(Records from a data source)
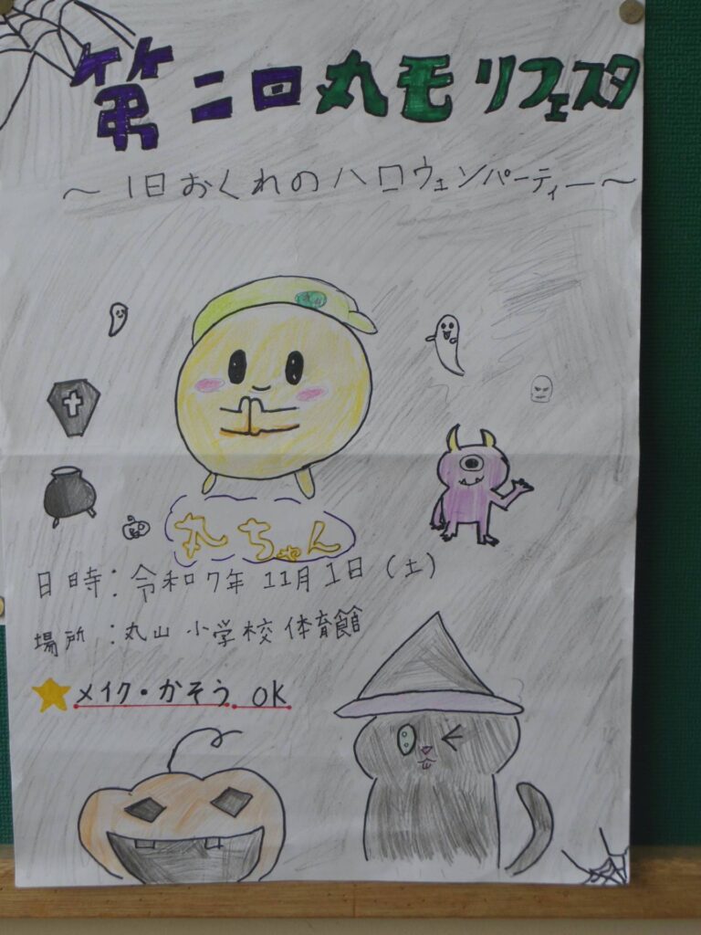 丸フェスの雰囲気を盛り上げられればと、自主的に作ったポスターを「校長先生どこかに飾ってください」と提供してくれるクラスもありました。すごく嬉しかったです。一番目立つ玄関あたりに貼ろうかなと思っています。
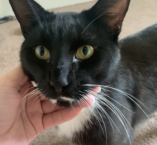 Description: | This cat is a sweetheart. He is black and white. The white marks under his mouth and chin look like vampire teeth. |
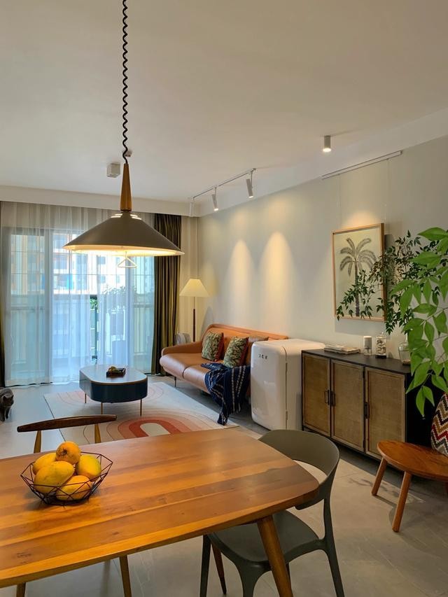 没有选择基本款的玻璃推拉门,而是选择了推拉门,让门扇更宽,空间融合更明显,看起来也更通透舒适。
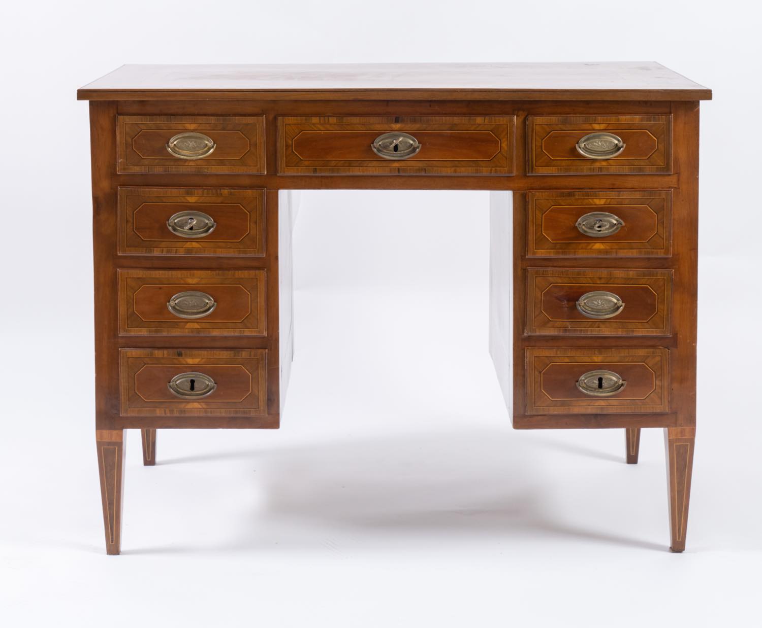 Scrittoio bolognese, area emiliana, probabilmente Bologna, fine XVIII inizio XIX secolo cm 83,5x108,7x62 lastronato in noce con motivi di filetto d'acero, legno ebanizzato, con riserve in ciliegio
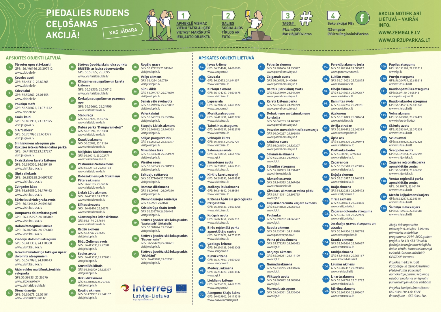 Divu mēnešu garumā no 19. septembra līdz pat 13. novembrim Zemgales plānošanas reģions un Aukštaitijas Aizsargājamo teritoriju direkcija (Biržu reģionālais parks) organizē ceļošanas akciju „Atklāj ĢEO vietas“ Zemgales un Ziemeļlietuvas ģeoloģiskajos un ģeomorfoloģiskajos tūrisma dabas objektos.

Goal of the exercise:
Line for line, output the entries above from the line with "没有选择基本款的玻璃推拉门,而是选择了推" to the line with "Scrittoio bolognese, area", both included, and nothing more. Skip pictures.

Solution for this exercise:
 没有选择基本款的玻璃推拉门,而是选择了推拉门,让门扇更宽,空间融合更明显,看起来也更通透舒适。
 Scrittoio bolognese, area emiliana, probabilmente Bologna, fine XVIII inizio XIX secolo cm 83,5x108,7x62 lastronato in noce con motivi di filetto d'acero, legno ebanizzato, con riserve in ciliegio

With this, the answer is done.